Ask HN: Why there is so many Google lovers on Hacker News? - gfaremil

I found it interesting that Hacker News is full of Google lovers: if you say anything against Google you will be downvoted.<p>I'm not saying that is bad or anything but just it is interesting. Could it be that a lot Google employees lurk on Hacker News? Could it because young engineers are generally impressed by Google technology and because of that anything else Google does must be good?
======
jeffool
To be fair, a lot of complaints about any company/site/etc aren't just
complaints, but instead preferences of something else. So sometimes it's not
really a legit complaint, just fanboyism of something else, instead.

That said, I also think that the Google preference (where ever it's found)
comes from a large consensus that Google has done relatively well on the "do
no evil" philosophy. This isn't to say they can do no _wrong_ , surely they
can, but evil? Fans seem to think they do far less that many competitors seem
to, anyway.

And personally, I've recently realized that I do actually have such a rather
positive opinion of Google. After the Motorola announcement I did a little
reflection and realized had it been most other companies I would've been a
little more weary of the acquisition. With Google I thought "Huh. That could
be neat. Maybe they could buy T-Mobile too."

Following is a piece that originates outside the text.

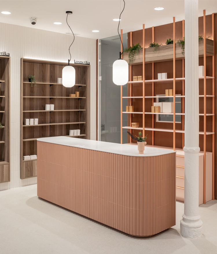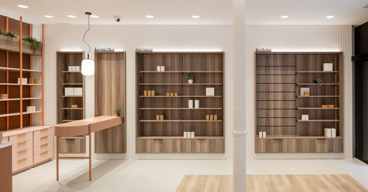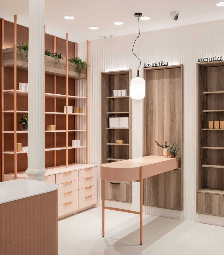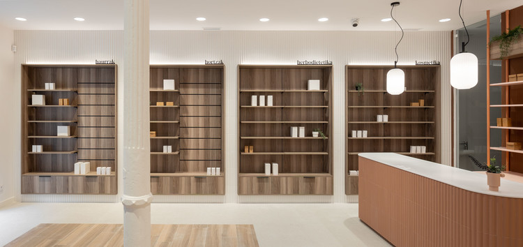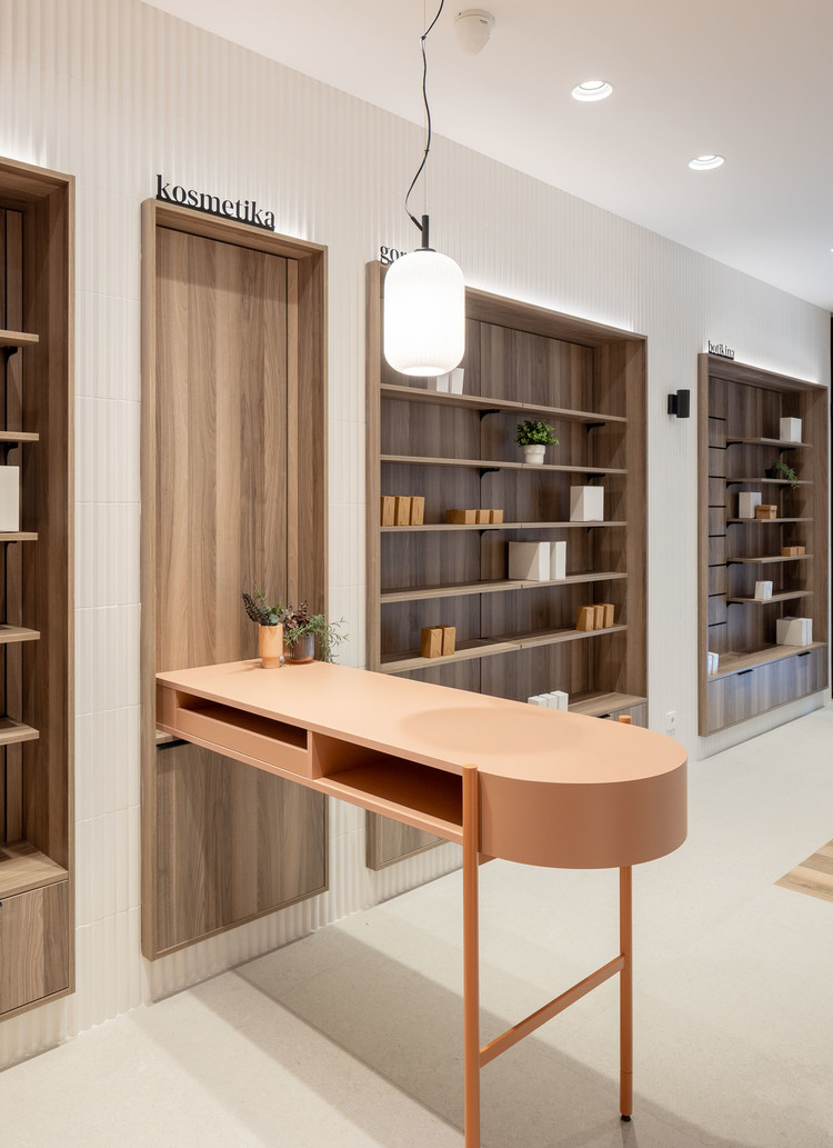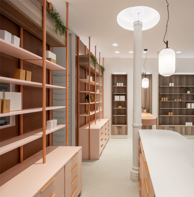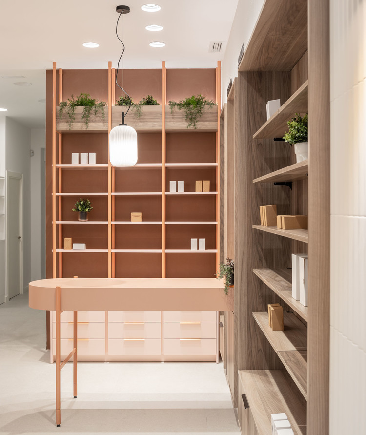 El almacenamiento de medicamentos está en una zona visible desde la parte pública de la farmacia, posibilitando la continuidad de la atención, donde el farmacéutico no tiene que desaparecer en la rebotica, sino que puede haber un diálogo ininterrumpido.

So, I'm curious if you have a particular example? Maybe I help you see why
others didn't take kindly to it? (Maybe, anyway.)

------
franze
when google screws up (which they do, sometimes, sometimes they don't) there
is a fair share of criticism, too i.e.:
<http://news.ycombinator.com/item?id=2592399>

but as a matter of fact, i'm quite glad that HN does not share the overall
"Google Datenkrake" hysteria.